In another study comparing CSF metabolite concentrations between patients with bacterial meningitis/encephalitis and noninflamed controls, phosphatidylcholines were identified as sensitive biomarkers for bacterial meningitis due to their significant elevation compared to both the control and viral meningitis groups (16). Based on these findings and those of the studies on viral and bacterial CNS infections discussed in this review, future targeted metabolic exploration of fatty acid metabolism, tryptophan metabolism, lipidomics, and related pathways in both types of infections is warranted to explore their potential as diagnostic or therapeutic targets.
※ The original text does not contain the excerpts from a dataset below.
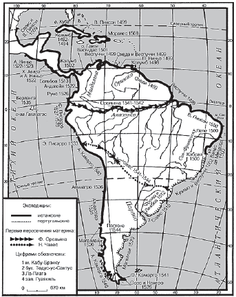 Католическая церковь, не желая отставать от светских властей, также решила проявить интерес к Магелланову проливу. В конце 1536 г. епископ одного маленького испанского городка получил патент на «завоевание и заселение» берегов Тихого океана от Перу до Магелланова пролива. Снаряженные им три корабля [153] вышли из устья Гвадалквивира в августе 1539 г. После захода в один или два бразильских порта флотилия прошла за 52° ю. ш. и в середине января 1540 г. бросила якорь близ входа в Магелланов пролив. 22 января 1540 г. флагман, борясь с западным штормом, наскочил на мель и затонул; большая часть команды спаслась и перешла на корабль, которым командовал Алонсо Камарго. Он благополучно прошёл проливом в Тихий океан и, повернув на север, проследил западное побережье Южной Америки на протяжении около 5000 [154] км до порта Кальяо (12° ю. ш.), куда прибыл в начале 1541 г. Во время плавания А. Камарго ни разу не терял из вида берег материка. Для увековечения этого достижения команда доставила судно, имевшее жалкий вид, в город Лиму и установила его у вице-королевского дворца как памятник. Третий корабль под командой Франсиско Камарго, неизвестно почему потеряв много времени, остался зимовать у Огненной Земли. Антарктическим летом 1541 г. испанцы впервые проследили всё (около 400 км) восточное побережье острова и, как считают аргентинские историки открытий, прошли на запад проливом, позже названным именем Ле-Мера. Не исключено, что они «заглянули» и в пролив Бигл (у 55° ю. ш.). После возвращения в Атлантику Ф. Камарго обнаружил «восемь или более островов» (Фолклендские или Мальвинские?) и 30 декабря 1541 г. благополучно прибыл на родину.Поиски легендарных стран в бассейне Амазонки во второй половине XVI в.
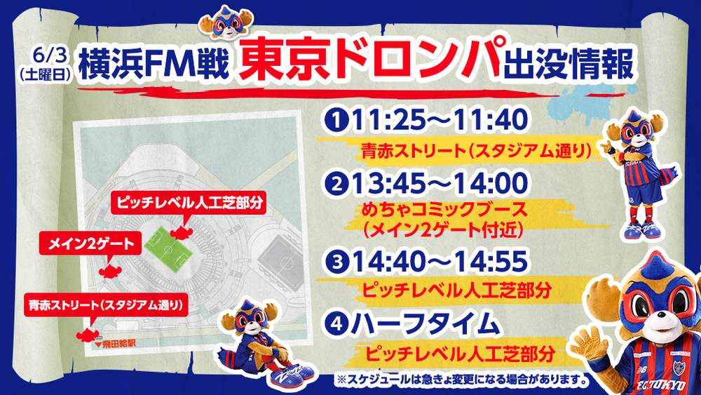 6月3日(土) 2023明治安田生命J1リーグ 第16節 vs 横浜F・マリノス (15:00キックオフ/味の素スタジアム)に東京ドロンパが下記の通りあらわれます。ぜひお楽しみに!
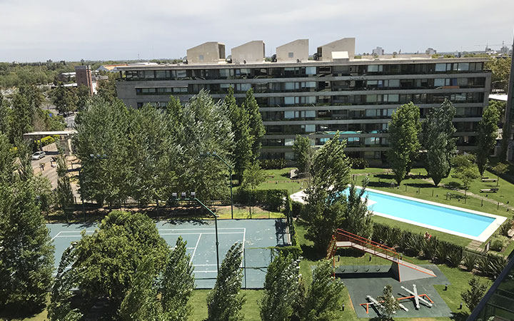 “Ahí aparece MOR. Uno de los arquitectos que tenía era Damián Calabrese, que era amigo mío de la secundaria, del rugby, de las salidas”, afirmó Greci Hazzi. Que enseguida relató que su viejo amigo, devenido en desarrollador, le ofreció hacerse una casa en Puerto Roldán. “Me animo a elegir dos terrenos pegados, de 1200 metros cada uno. Y otro de 800 metros, del otro lado del lago. En ese más chico, había proyectado hacerme una casa para mí. Y en los otros dos terrenos, les generé un diseño muy llamativo con una pared de vidrio sostenida por siete columnas en V”, aseguró.
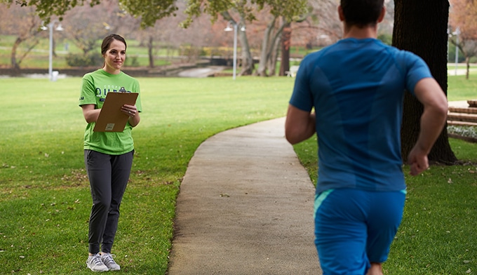 A worker takes notes as a client performs a “green” VO2 max test at Cooper Center.
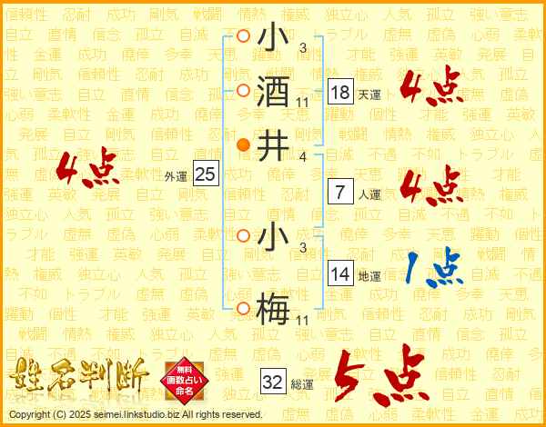 小(3画)酒(11画)井(4画) 小(3画)梅(11画)
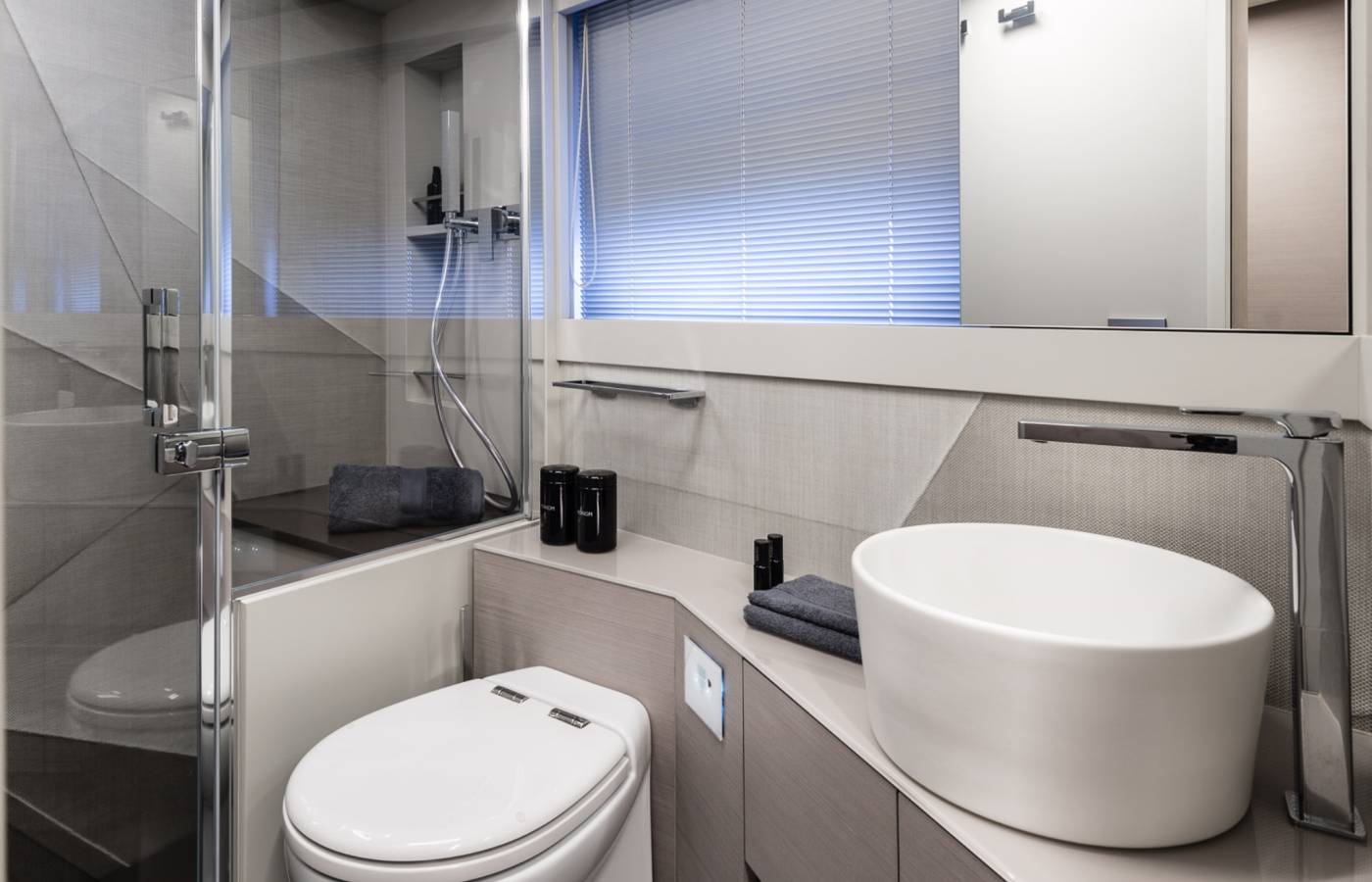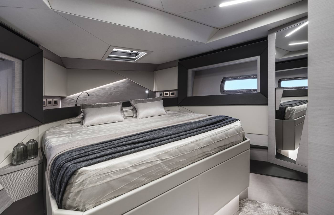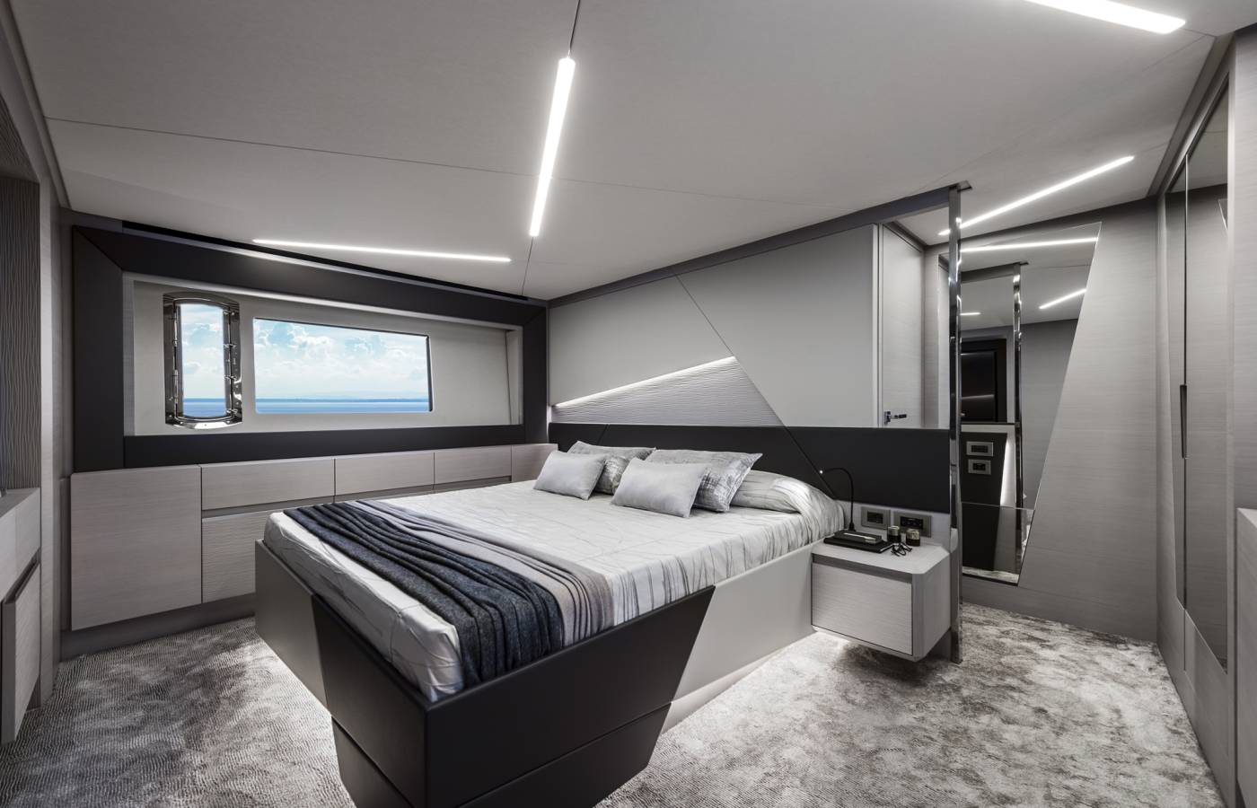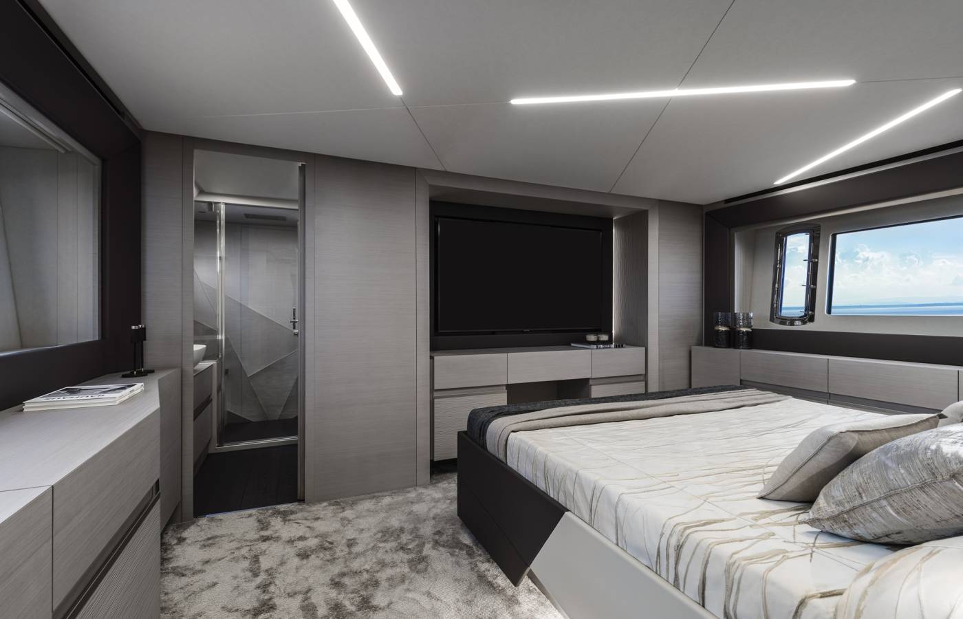 The master cabin delivers full-beam calm with expansive glazing that pours in natural light, refined textures, and a spa-style ensuite—quiet, residential, unmistakably Pershing.

6 Summary and future prospects

Metabolic profiling of neuroinfectious diseases has gained significant attention over the years to understand their pathogenesis and discover potential biomarkers that could facilitate the early diagnosis of these diseases. However, despite persistent efforts and various metabolic profiling studies using different analytical techniques, there remains a lack of specific biomarkers capable of distinguishing different types of meningitis/encephalitis. There is also a notable lack of metabolic and lipidomic studies in CSF from children with TBM. However, metabolomics has provided information on significant alterations in metabolic pathways, which offers the potential to identify specific biomarkers.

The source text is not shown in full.